On the other hand, Insertion Sort works a bit better than the Selection Sort technique. This algorithm relies on the "movement" of the elements from their original places to their actual places. The algorithm for this technique looks like below:

```
InsertionSort(array A)
begin
lastIndex = length(A) - 1;
for i = 1 to lastIndex do
begin
k = A[i]
j = i - 1
while j >= 0 && A[j] > k do
begin
A[j+1] = A[j]
j = j-1
end
A[j+1] = k
end
end
```

And the implementation looks like below:

```
public void Sort(int[] arr)
{
for (int i = 1; i < arr.Length; i++)
{
var k = arr[i];
var j = i - 1;
while (j >= 0 && arr[j] > k)
{
arr[j + 1] = arr[j];
j--;
}
arr[j + 1] = k;
}
}
```

**How it works:**

In this approach as well, we have two pointers i and j which run on the dataset and for one iteration of i, j loops from the pointer i till the occurence of an element smaller than the current element of i encountered "in reverse" and moves the element to a relatively "smaller" position in the set. Then the element at j is placed with the current element at i.

For a given dataset {5,9,2,4,7,8}, The flow looks like this:

```
Input: 5,9,2,4,7,8
LastIndex: 5
i: 1
5,9,2,4,7,8
i: 2 - element 2 is moved
5,9,9,4,7,8
5,5,9,4,7,8
2,5,9,4,7,8
i: 3 - element 4 is moved
2,5,9,9,7,8
2,5,5,9,7,8
2,4,5,9,7,8
i: 4 - element 7 is moved
2,4,5,9,9,8
2,4,5,7,9,8
i: 5 - element 8 is moved
2,4,5,7,9,9
2,4,5,7,8,9
2,4,5,7,8,9
Output: 2,4,5,7,8,9
```

**Complexity Analysis:**

Compared to Selection Sort, the inner loop of the Insertion Sort works comparatively less time because the loop doesn't necessarily run till the beginning of the loop at all times. For example, in the above dataset for the movement on element 7, the inner loop iterates just one place (from 4 to 3).

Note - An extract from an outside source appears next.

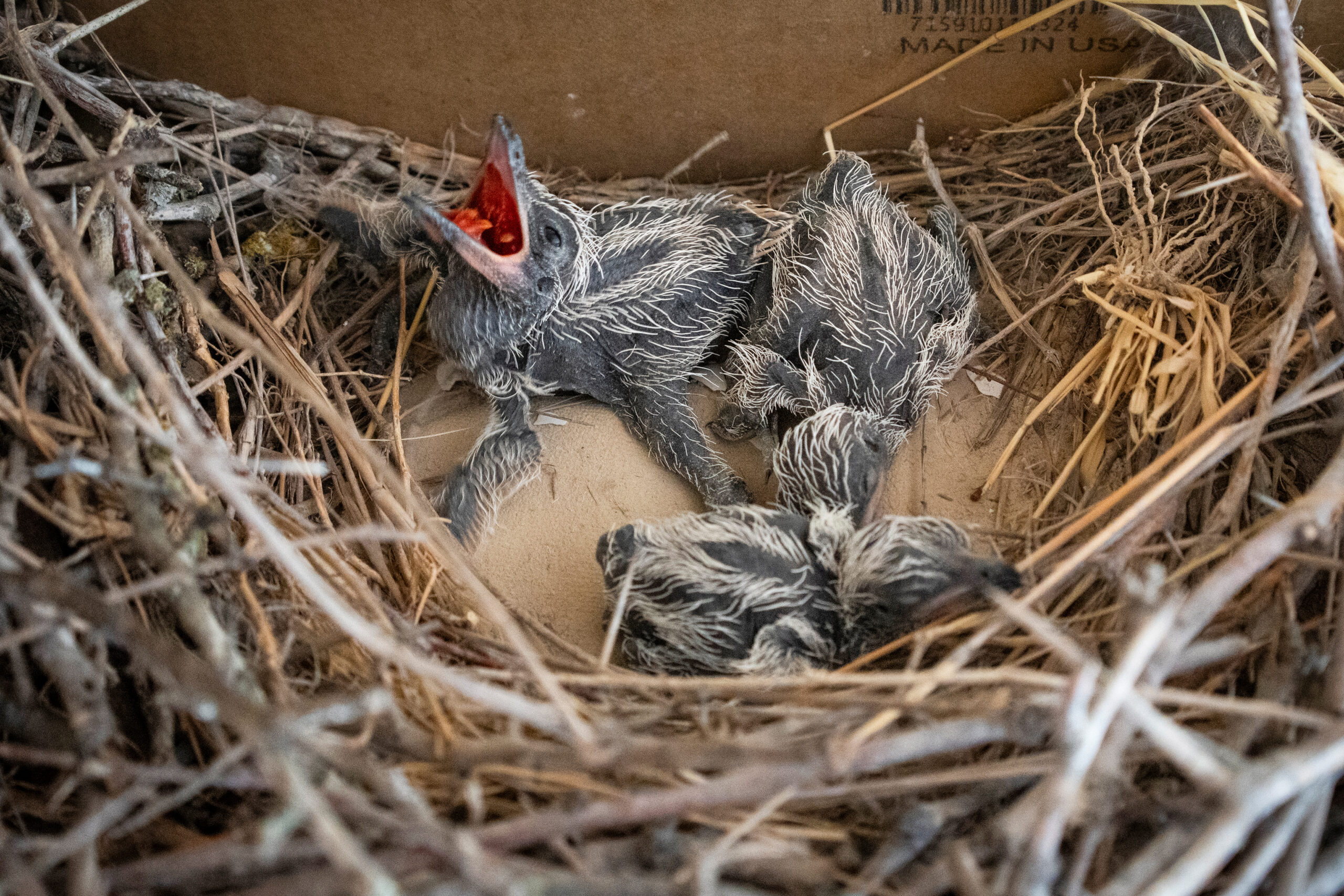The couple builds a small, cup-shaped nest in brush, low trees, or even cacti. After laying a clutch of between two and six eggs, both Mom and Dad take turns sitting on them for three weeks when the babies hatch. After about four weeks, the brood will be fully-fledged roadrunners and ready to begin hunting independently.

Hence this algorithm takes O(n(n-1)/2) in its worst case scenario where for every pass the inner loop needs to seek elements from last to first (probably when the set is sorted in descending order). Hence the worst case complexity is O(n2) while the expected case can be somewhere lesser than O(n2) (although not so less).

For the space, the technique takes a constant space of O(1) since we don't use any additional memory for the comparisons.

**Selection Sort vs Insertion Sort - Differences:**

As we can see from both the algorithms, we can find the following differences in how these algorithms work:

- From the Selection Sort example, we can see that with every pass the inner loop runs over unsorted elements and tries to sort them as the outer loop moves forward. In case of Insertion Sort, with every pass we're creating a "relatively" Sorted Set of elements ([5,9], [2,5,9], [2,5,4,9], [2,4,5,7,9], [2,4,5,7,8,9]) for the inner loop as the outer loop progresses forward.
- In case of a SelectionSort, we will have one definite "swap" per iteration. Whereas in the case of an InsertionSort, the element to be "swapped" is first taken aside in a temp variable (k) and once the inner loop moves the elements till an appropriate position for k is found, the swap finally happens.
- From a Time perspective, the SelectionSort takes the same O(n2) time for any scenario - be it the best case or the worst case. Whereas, the InsertionSort takes a varied time for various input scenarios - hence we say that for the worst case it takes O(n2) time while for other cases it is comparatively lower than O(n2) time.

**Final Thoughts:**

From a performance perspective, both these algorithms are less efficient than the other algorithms when put to test on a large dataset. However, if we have a memory constraint on our execution machine and have a relatively small datasets, these algorithms are worth using as they are very simple to implement.